Kinetics of ubiquitin charging and release from the ubiquitin thioester of UbcH5b WT, N77A, I88A, and S94G. (A) UbcH5b was incubated with E1, ubiquitin, and ATP for the indicated times, separated on nonreducing SDS/PAGE, and blotted with anti-UbcH5b. Bands for UbcH5b and UbcH5b–ubiquitin thioester are indicated. (B) After ubiquitin charging, NEM was added to the reactions to inactivate E1. Samples were taken at the indicated time points, separated on nonreducing SDS/PAGE, and blotted with anti-UbcH5b. (C) Quantitation of reactions in B. The average and standard errors are shown. Filled circles, WT; open circles, I88A; open triangles, N77A; filled triangles, S94G. (D) After ubiquitin charging, apyrase was added to deplete ATP and thus to inactivate E1-mediated ubiquitin charging of UbcH5b. CNOT4N was also added to the reactions after 3 min. Samples were taken at the indicated time points, separated on nonreducing SDS/PAGE, and blotted with anti-UbcH5b. (E) Quantitation of reactions in D. The average and standard errors are shown. Symbols are the same as in C.

Fig. 4.

Allosteric determinants of UbcH5b. (A) UbcH5b residues involved in the long-range communication between the E3-binding and active sites of UbcH5b are shown in space-filling models.

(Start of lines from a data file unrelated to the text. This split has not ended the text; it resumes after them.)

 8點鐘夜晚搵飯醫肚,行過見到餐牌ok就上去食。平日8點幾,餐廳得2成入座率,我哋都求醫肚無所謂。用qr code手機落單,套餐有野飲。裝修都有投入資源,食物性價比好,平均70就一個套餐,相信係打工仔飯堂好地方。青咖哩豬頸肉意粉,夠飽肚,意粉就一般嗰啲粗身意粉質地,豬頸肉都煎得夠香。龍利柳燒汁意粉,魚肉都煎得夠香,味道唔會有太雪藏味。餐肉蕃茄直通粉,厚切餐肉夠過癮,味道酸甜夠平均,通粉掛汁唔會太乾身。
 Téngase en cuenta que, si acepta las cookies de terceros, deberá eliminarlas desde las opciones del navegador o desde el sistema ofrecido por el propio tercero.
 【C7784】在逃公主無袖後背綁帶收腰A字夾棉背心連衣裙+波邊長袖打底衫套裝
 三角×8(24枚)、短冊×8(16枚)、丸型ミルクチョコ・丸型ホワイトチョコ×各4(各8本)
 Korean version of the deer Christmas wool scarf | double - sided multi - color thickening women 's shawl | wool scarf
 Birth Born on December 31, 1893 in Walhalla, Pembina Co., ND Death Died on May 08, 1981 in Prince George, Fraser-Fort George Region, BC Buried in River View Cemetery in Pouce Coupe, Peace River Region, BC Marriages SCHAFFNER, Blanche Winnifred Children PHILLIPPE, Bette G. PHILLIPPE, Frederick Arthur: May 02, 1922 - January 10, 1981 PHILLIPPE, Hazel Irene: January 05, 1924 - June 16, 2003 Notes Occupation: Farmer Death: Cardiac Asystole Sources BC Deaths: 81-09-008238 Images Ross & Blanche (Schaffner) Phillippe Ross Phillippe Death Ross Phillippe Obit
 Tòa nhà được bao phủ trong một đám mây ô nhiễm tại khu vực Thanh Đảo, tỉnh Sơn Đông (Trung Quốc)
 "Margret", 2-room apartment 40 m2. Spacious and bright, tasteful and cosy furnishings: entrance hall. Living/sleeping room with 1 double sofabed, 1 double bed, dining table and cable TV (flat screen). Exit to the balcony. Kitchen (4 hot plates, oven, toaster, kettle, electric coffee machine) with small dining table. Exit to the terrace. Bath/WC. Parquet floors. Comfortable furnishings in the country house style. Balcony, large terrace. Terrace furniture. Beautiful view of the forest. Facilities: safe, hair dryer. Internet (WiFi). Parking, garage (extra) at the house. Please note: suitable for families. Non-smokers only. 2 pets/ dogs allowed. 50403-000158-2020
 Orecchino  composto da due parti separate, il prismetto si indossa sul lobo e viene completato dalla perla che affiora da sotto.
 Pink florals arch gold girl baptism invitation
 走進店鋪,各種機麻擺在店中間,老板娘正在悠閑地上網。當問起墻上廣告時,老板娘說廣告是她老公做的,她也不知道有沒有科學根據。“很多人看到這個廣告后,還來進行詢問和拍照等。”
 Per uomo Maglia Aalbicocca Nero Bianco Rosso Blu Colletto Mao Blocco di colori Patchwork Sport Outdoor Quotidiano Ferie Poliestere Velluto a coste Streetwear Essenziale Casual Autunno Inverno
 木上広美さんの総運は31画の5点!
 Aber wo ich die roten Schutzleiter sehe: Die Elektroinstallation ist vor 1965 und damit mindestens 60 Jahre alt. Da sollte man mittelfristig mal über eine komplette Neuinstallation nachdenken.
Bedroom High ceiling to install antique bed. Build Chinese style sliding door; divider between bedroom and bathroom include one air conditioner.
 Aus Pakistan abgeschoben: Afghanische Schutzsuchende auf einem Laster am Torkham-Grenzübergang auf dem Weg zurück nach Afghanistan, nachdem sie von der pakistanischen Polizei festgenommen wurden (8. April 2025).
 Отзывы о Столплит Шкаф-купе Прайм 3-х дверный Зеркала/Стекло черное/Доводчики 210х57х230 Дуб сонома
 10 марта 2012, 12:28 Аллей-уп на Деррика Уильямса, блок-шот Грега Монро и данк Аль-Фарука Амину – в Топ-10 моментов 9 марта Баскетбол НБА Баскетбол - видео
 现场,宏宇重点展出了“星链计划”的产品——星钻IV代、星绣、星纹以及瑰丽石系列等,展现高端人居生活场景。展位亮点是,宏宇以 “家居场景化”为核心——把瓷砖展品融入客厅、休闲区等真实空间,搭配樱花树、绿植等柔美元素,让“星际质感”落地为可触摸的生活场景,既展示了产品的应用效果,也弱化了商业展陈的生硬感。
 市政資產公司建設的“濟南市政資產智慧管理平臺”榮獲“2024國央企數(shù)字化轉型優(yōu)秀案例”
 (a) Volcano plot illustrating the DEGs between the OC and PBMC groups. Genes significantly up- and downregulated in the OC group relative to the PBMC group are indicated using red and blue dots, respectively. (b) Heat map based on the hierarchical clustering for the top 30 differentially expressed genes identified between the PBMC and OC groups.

The E3-binding L1 and L2 loops, I37, and C85 are labeled. (B) A subset of allosteric UbcH5b residues is shown to illustrate the position of I88 relative to the E3-binding and active sites of UbcH5b. (C) The chemical-shift changes of UbcH5b upon binding to CNOT4N are mapped onto the structure of UbcH5b. The color schemes of the chemical-shift changes are as follows: red, >0.2 ppm; pink, 0.15–0.2 ppm; orange, 0.1–0.15 ppm; yellow, 0.075–0.1 ppm; green, 0.05–0.075 ppm. (D) Schematic drawing of UbcH5b to illustrate the relative positions of key residues. The inter-residue distances are between Cα atoms.